**TASK DIRECTIONS:**
Give the records again exactly. Pictures do not belong in the copy.

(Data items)

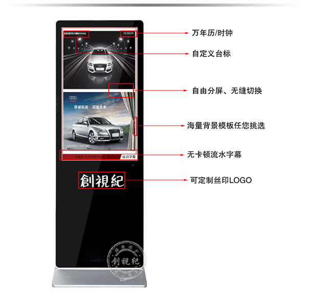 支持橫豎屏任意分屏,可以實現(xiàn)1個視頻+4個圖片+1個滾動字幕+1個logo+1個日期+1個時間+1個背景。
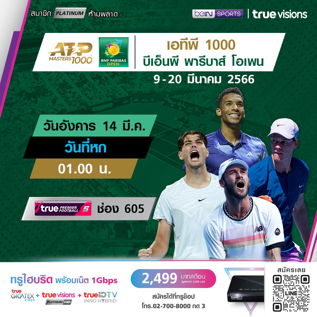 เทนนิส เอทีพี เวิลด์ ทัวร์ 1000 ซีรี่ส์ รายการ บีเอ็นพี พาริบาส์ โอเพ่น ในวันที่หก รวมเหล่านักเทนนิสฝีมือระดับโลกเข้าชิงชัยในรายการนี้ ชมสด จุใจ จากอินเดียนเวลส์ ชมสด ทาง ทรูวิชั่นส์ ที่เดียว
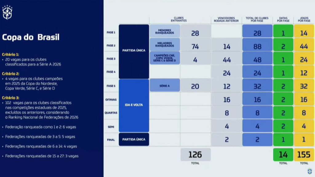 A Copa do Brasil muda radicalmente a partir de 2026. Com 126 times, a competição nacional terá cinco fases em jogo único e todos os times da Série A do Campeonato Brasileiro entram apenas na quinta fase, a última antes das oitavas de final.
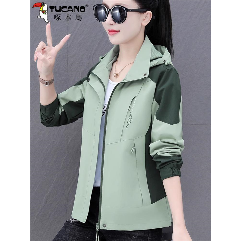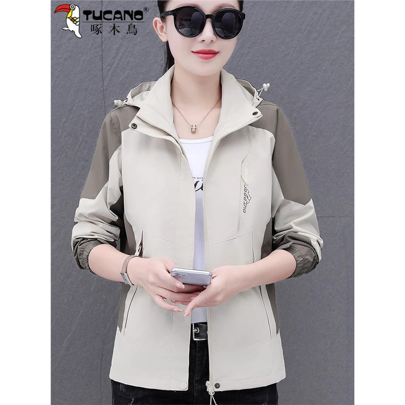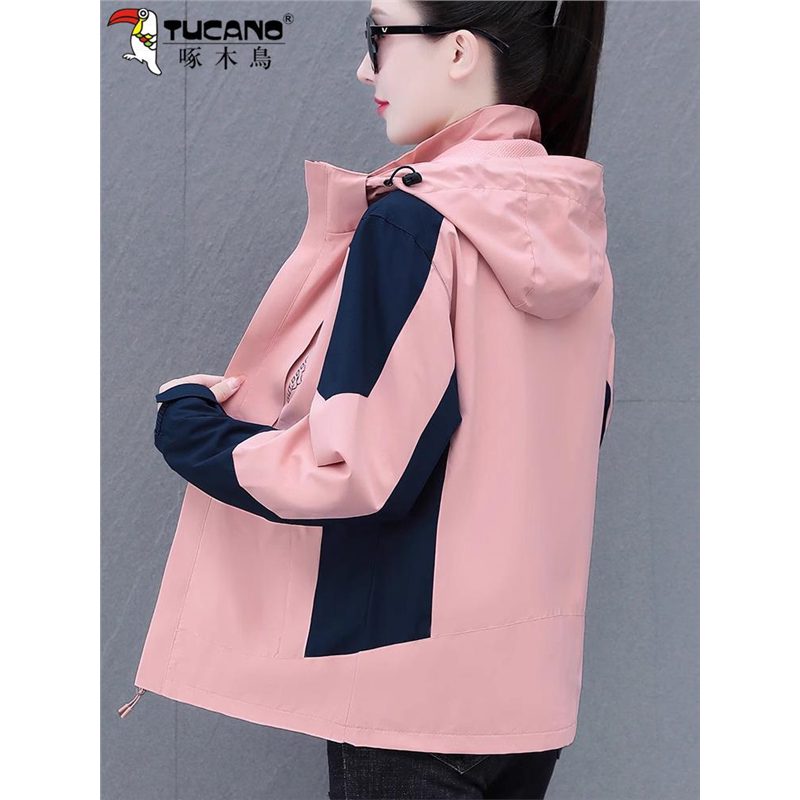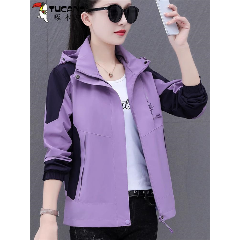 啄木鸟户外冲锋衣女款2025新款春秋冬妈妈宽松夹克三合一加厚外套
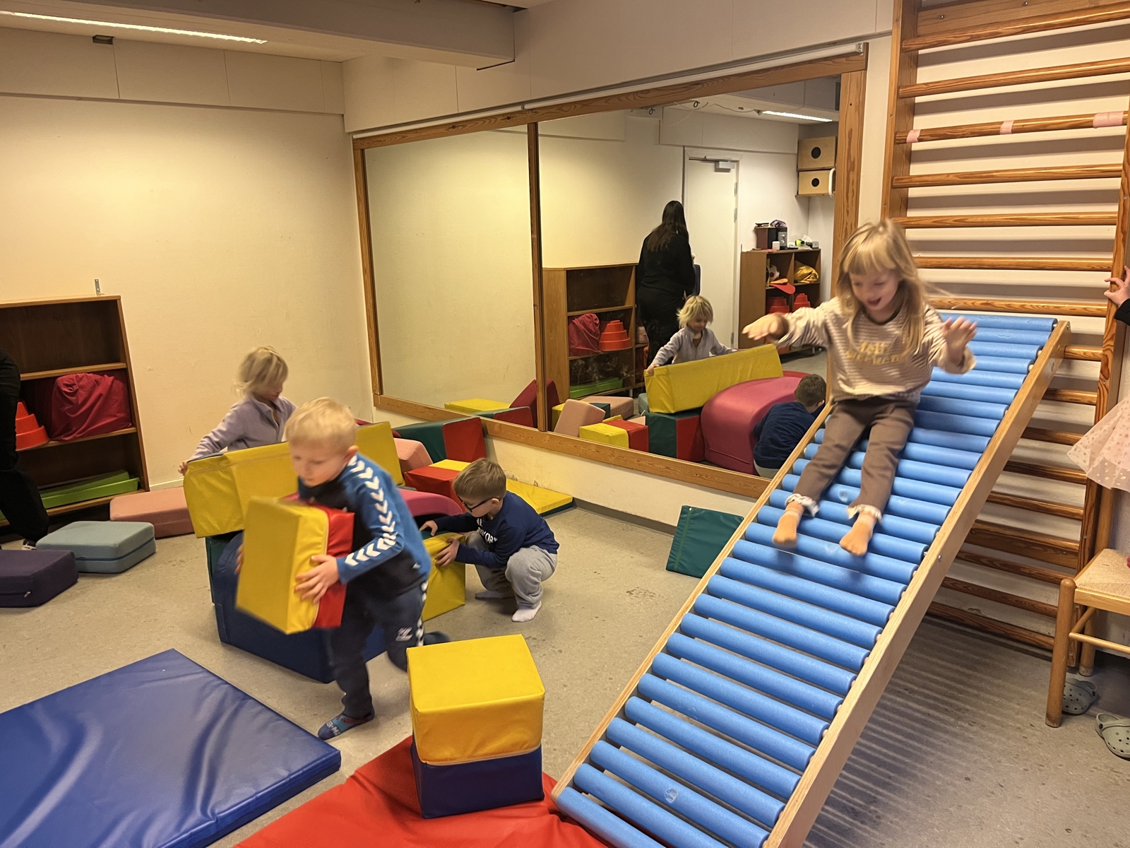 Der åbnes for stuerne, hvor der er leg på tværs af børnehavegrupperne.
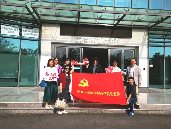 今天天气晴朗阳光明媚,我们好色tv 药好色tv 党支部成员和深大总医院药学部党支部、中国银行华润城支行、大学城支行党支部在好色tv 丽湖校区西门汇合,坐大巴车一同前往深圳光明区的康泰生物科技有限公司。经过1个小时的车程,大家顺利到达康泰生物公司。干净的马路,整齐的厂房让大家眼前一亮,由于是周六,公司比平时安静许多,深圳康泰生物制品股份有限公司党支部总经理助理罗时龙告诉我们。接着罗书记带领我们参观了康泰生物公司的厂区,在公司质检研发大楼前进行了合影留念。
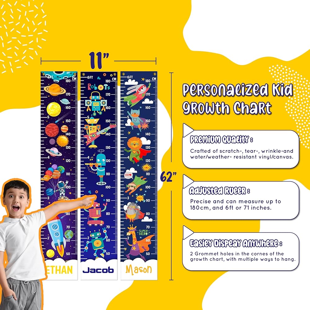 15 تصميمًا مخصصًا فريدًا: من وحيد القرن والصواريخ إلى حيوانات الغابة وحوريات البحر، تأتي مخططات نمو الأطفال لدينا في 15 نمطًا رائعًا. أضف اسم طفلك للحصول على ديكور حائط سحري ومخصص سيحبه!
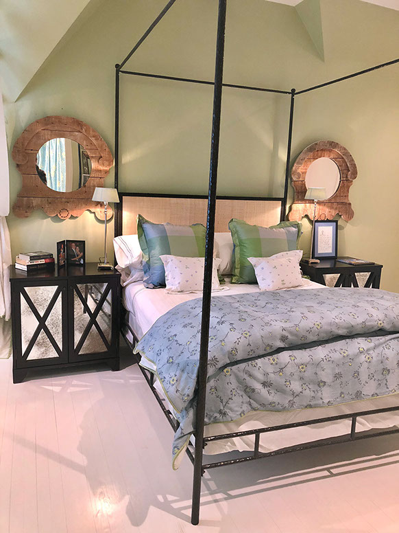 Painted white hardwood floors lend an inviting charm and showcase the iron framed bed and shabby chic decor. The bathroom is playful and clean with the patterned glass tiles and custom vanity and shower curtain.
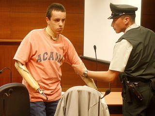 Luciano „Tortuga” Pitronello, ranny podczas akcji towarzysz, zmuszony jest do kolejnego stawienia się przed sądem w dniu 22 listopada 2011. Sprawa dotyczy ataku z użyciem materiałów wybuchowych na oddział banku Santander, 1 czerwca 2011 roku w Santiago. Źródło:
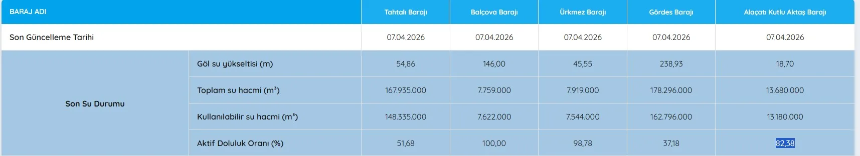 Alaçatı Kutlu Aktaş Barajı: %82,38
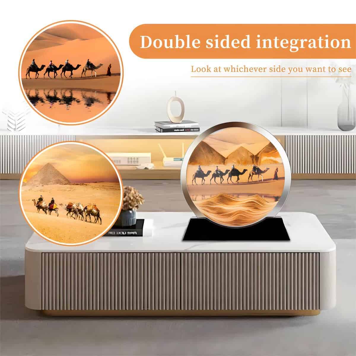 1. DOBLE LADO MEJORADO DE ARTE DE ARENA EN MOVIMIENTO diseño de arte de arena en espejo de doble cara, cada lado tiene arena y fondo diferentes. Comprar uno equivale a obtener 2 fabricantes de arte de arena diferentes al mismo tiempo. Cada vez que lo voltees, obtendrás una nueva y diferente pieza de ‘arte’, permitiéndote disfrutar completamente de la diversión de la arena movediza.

**ANSWER TO THE PROBLEM:**
 支持橫豎屏任意分屏,可以實現(xiàn)1個視頻+4個圖片+1個滾動字幕+1個logo+1個日期+1個時間+1個背景。
 เทนนิส เอทีพี เวิลด์ ทัวร์ 1000 ซีรี่ส์ รายการ บีเอ็นพี พาริบาส์ โอเพ่น ในวันที่หก รวมเหล่านักเทนนิสฝีมือระดับโลกเข้าชิงชัยในรายการนี้ ชมสด จุใจ จากอินเดียนเวลส์ ชมสด ทาง ทรูวิชั่นส์ ที่เดียว
 A Copa do Brasil muda radicalmente a partir de 2026. Com 126 times, a competição nacional terá cinco fases em jogo único e todos os times da Série A do Campeonato Brasileiro entram apenas na quinta fase, a última antes das oitavas de final.
 啄木鸟户外冲锋衣女款2025新款春秋冬妈妈宽松夹克三合一加厚外套
 Der åbnes for stuerne, hvor der er leg på tværs af børnehavegrupperne.
 今天天气晴朗阳光明媚,我们好色tv 药好色tv 党支部成员和深大总医院药学部党支部、中国银行华润城支行、大学城支行党支部在好色tv 丽湖校区西门汇合,坐大巴车一同前往深圳光明区的康泰生物科技有限公司。经过1个小时的车程,大家顺利到达康泰生物公司。干净的马路,整齐的厂房让大家眼前一亮,由于是周六,公司比平时安静许多,深圳康泰生物制品股份有限公司党支部总经理助理罗时龙告诉我们。接着罗书记带领我们参观了康泰生物公司的厂区,在公司质检研发大楼前进行了合影留念。
 15 تصميمًا مخصصًا فريدًا: من وحيد القرن والصواريخ إلى حيوانات الغابة وحوريات البحر، تأتي مخططات نمو الأطفال لدينا في 15 نمطًا رائعًا. أضف اسم طفلك للحصول على ديكور حائط سحري ومخصص سيحبه!
 Painted white hardwood floors lend an inviting charm and showcase the iron framed bed and shabby chic decor. The bathroom is playful and clean with the patterned glass tiles and custom vanity and shower curtain.
 Luciano „Tortuga” Pitronello, ranny podczas akcji towarzysz, zmuszony jest do kolejnego stawienia się przed sądem w dniu 22 listopada 2011. Sprawa dotyczy ataku z użyciem materiałów wybuchowych na oddział banku Santander, 1 czerwca 2011 roku w Santiago. Źródło:
 Alaçatı Kutlu Aktaş Barajı: %82,38
 1. DOBLE LADO MEJORADO DE ARTE DE ARENA EN MOVIMIENTO diseño de arte de arena en espejo de doble cara, cada lado tiene arena y fondo diferentes. Comprar uno equivale a obtener 2 fabricantes de arte de arena diferentes al mismo tiempo. Cada vez que lo voltees, obtendrás una nueva y diferente pieza de ‘arte’, permitiéndote disfrutar completamente de la diversión de la arena movediza.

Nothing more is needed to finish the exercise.